Re: Global variable for whole application.
Re: Global variable for whole application.
- Subject: Re: Global variable for whole application.
- From: Brian Willoughby <email@hidden>
- Date: Thu, 19 Apr 2007 16:54:48 -0700
Don't forget that you can subclass NSApplication and tell IB and
Xcode to use your subclass instead of the generic class. You can
access application-global information through NSApp, a global
variable present in all AppKit programs. Sometimes I wrap user
defaults in application methods so that I can enforce behaviors.

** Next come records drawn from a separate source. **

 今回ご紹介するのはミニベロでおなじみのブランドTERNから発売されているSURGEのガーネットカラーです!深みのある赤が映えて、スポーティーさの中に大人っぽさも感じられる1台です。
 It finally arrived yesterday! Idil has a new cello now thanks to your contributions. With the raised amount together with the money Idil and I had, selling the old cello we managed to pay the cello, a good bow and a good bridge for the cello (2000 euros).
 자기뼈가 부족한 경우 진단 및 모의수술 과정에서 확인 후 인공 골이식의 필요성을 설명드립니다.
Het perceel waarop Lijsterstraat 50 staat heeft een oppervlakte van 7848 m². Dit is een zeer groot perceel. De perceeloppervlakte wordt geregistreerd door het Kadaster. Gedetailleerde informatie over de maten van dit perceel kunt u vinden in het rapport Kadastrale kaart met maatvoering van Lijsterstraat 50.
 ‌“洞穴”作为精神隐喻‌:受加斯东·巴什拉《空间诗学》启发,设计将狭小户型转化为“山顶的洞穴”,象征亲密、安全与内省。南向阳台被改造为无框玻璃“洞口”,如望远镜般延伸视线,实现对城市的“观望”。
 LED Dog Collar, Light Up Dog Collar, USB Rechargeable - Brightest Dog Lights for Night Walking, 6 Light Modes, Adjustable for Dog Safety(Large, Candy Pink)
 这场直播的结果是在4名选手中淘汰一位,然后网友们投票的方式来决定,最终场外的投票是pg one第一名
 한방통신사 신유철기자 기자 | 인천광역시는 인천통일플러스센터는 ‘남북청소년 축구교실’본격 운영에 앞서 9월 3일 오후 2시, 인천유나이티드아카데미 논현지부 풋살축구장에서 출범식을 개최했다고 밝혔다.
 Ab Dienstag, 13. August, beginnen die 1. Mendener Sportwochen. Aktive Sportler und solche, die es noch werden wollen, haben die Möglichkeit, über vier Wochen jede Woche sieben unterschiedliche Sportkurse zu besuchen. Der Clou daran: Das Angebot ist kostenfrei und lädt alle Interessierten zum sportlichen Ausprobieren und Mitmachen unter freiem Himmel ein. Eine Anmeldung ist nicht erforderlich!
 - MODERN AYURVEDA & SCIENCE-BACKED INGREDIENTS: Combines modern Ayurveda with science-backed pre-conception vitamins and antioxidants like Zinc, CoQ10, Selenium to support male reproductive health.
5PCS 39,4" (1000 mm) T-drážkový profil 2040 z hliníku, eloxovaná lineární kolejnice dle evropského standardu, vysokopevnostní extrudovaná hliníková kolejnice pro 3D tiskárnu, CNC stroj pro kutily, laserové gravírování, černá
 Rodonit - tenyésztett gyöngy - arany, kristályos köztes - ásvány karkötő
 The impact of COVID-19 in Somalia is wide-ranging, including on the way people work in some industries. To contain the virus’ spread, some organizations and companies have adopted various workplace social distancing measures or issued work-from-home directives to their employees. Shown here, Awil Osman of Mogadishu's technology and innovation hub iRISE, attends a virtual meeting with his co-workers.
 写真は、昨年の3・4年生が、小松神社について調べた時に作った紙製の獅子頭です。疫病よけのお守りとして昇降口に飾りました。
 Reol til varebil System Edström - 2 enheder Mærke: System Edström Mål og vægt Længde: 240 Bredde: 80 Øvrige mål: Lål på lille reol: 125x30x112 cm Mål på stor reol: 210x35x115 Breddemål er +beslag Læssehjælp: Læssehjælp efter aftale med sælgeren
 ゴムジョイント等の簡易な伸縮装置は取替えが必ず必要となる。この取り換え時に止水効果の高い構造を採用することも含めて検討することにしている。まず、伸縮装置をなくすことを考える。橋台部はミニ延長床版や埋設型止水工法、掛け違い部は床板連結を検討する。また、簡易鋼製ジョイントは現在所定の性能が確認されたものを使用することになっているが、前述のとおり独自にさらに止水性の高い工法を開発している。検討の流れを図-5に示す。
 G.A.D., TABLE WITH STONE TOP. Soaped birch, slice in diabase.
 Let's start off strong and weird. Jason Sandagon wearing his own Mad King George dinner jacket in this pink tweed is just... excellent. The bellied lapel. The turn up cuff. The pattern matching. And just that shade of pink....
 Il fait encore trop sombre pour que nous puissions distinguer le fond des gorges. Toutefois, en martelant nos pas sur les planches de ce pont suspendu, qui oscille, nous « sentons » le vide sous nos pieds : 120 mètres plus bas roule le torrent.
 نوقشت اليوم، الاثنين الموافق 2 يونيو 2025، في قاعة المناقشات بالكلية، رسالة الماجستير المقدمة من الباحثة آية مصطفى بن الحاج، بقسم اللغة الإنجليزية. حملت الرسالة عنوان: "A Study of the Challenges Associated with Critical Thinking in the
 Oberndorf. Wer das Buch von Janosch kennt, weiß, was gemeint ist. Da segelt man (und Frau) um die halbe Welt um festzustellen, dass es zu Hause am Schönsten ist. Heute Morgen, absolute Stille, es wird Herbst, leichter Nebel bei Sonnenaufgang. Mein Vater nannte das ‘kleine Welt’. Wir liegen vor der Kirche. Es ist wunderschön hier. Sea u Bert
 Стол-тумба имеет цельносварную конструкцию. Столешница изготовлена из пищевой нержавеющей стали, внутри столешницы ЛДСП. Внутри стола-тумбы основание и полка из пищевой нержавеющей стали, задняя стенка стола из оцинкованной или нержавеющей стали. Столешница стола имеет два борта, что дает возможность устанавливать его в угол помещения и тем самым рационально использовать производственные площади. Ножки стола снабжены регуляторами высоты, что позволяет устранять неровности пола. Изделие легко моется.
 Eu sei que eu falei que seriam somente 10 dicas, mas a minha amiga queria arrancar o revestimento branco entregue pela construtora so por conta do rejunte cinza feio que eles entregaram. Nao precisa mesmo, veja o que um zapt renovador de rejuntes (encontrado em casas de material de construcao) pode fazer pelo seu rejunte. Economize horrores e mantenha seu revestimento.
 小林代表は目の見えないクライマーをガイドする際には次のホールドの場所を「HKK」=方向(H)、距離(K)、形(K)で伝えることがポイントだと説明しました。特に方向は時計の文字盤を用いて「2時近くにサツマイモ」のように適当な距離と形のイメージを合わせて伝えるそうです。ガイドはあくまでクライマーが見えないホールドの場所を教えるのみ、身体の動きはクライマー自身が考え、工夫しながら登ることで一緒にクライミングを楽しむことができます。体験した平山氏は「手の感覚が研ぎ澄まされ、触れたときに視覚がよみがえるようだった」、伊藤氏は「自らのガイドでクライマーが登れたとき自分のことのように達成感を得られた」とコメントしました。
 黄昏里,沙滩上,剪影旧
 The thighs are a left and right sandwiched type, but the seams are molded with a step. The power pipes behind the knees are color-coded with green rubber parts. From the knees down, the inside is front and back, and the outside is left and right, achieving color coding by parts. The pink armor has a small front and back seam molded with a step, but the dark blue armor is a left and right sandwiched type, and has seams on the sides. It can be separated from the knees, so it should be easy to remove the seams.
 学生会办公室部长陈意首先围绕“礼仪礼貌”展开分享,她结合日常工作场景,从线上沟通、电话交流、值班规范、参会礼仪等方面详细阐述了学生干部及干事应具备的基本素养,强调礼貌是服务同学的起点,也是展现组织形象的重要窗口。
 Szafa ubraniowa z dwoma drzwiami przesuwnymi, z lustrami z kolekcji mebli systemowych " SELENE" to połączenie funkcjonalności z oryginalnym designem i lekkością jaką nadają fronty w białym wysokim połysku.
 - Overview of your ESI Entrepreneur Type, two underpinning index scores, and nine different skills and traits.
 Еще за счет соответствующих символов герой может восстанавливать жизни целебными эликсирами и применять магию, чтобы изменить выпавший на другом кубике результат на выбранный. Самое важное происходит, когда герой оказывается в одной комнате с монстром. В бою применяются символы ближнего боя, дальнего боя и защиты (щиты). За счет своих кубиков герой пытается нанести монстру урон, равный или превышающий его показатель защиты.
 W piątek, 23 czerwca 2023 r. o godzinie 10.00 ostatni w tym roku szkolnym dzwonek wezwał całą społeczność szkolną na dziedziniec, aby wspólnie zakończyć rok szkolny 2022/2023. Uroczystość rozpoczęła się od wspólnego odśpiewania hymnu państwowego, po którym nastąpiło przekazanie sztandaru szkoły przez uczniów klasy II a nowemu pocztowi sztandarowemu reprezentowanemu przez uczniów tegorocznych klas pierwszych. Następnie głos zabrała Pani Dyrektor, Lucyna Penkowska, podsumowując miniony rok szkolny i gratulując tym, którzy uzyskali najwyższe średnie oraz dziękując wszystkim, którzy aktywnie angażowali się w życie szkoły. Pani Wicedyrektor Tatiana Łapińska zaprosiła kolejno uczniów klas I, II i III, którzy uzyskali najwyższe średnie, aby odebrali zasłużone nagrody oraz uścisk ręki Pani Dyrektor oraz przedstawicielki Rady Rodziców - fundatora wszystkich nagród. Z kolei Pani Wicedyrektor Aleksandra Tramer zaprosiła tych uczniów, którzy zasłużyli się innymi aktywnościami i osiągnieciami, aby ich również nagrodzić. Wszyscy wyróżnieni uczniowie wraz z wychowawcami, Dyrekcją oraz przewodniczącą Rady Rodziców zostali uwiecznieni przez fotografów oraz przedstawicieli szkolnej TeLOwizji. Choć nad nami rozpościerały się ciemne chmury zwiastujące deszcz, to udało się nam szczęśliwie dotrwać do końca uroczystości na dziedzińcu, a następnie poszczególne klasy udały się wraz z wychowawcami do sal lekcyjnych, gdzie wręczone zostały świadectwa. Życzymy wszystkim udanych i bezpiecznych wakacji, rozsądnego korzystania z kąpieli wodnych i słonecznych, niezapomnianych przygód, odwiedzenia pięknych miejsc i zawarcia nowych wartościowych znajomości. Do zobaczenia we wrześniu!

Overall, this is great for code which is specific to one application
rather than just a group of classes. You can even reuse the
NSApplication for future programs if you write things generically
enough. Before NSDocument was created, I put much of its
functionality in an NSApplication subclass that I used as a basis for
every program I wrote. These days it's less necessary, but still
helpful for enforcing global behavior.
Uli's approach is also good, and would be necessary for a library of
code that might be reused in more than one application. Without
multiple inheritance, it would be unwieldy for every framework to
subclass or categorize NSApplication, so it is better in those cases
to use a singleton.
Lots of object-oriented design pattern options for implementing globals!
Brian Willoughby
Sound Consulting
On Apr 19, 2007, at 02:04, Uli Kusterer wrote:
Am 19.04.2007 um 06:41 schrieb Tony S. Wu:
my approach is to create a class that handles global variables.
Me too, I usually have some singleton that contains the code that
accesses the global, so I just make the "global" an instance
variable of that singleton.
To store the singletons themselves, I generally use file-static
globals in the implementation file, or static variables in a
function, and write an accessor function a la [NSUserDefaults
sharedUserDefaults]. That way I avoid name collisions with other
classes, and prevent spaghetti code because someone directly
changes my global instead of going through my class.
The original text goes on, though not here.